Звезда на одну роль, стр. 49

– Нет ничего приятнее хорошо прожаренного куска мяса, съеденного ночью, – шутил Гиберти за ужином, он осторожно взял в руки вертел и впился желтыми зубами в шашлык. Пожевал, подвигал шильцами усов и вернул вертел на блюдо. – Нет, этот как раз прожарен слабо. Мясо розовое, видите – сукровица.

Верховцев подозвал официанта и велел принести итальянцу другую порцию.

– Вкус крови, Игорь, странен, – молвил Гиберти задумчиво. – На первый глоток – противно, а потом… А ее запах… Знаете, мне вспомнилась одна строфа Джона Донна: На запах крови слетаются пчелы из Ада.
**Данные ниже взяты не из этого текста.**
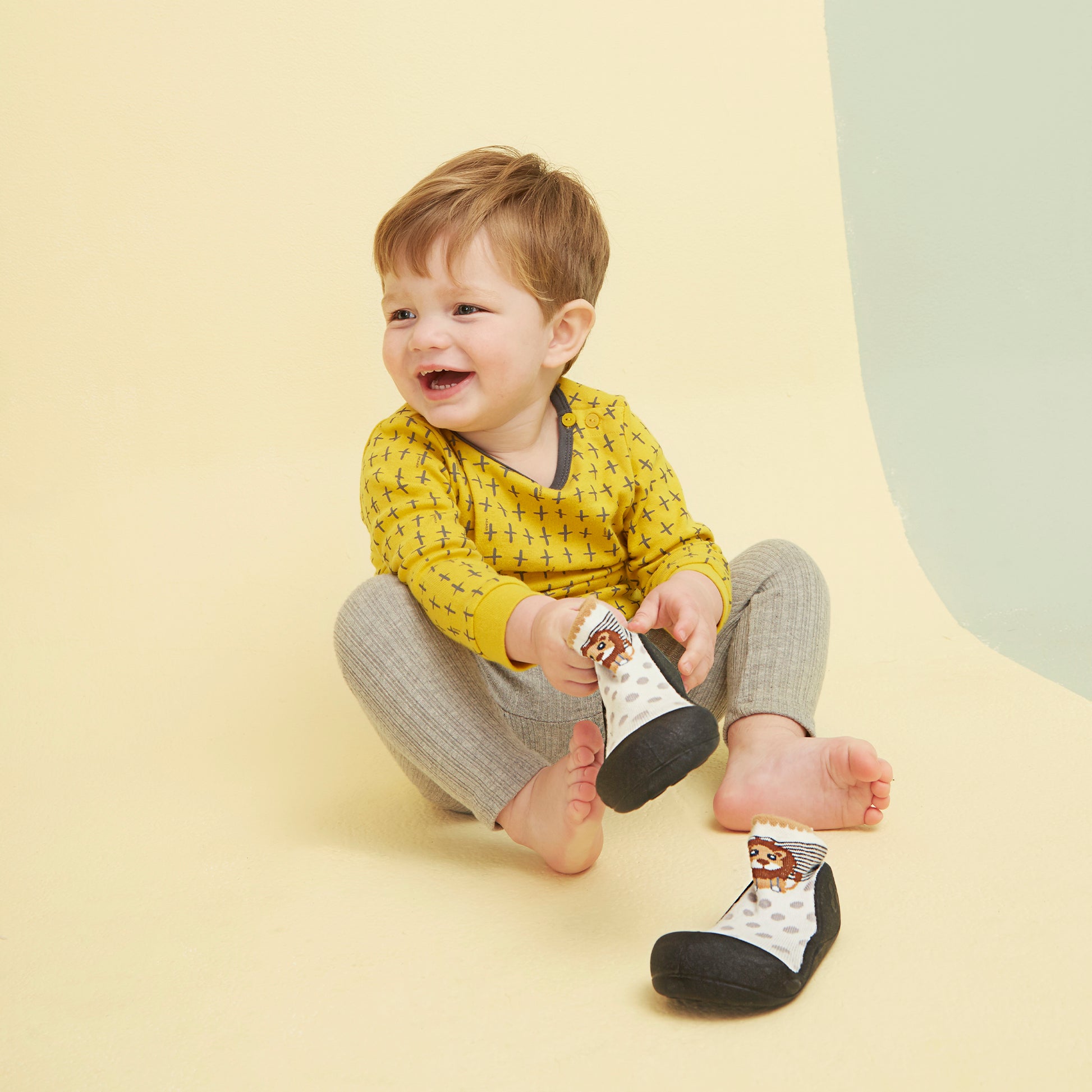 The non-slip sole and sock-like upper offer a perfect balance of safety and comfort—ideal for crawling, cruising, and first steps.

Говорят, что, если пчела находит то, что ей нужно, она возвращается в улей и сообщает сородичам дорогу к тому месту. И туда уже летит весь рой.

Верховцев в тот момент почувствовал, как сердце дико забилось в его груди: «Вот. Вот ОНО. То, что должно делать, – делай».
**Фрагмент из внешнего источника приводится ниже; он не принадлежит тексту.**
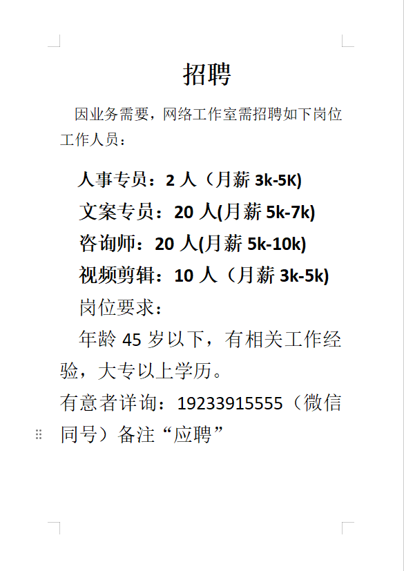 招聘网络客服人员20人

– Синьор Анджелико, мне хотелось бы показать вам одну мою работу, – сказал он, с усилием сглотнув комок в горле.

– Да? – Гиберти задумчиво отправил в рот кусочек лимона.

– Это постановка пьесы Уайльда. Моя постановка.

– Да?

– Мне хотелось, чтобы моим первым зрителем стали именно вы.

– Да? – Гиберти слабо улыбнулся. – Это так важно для вас?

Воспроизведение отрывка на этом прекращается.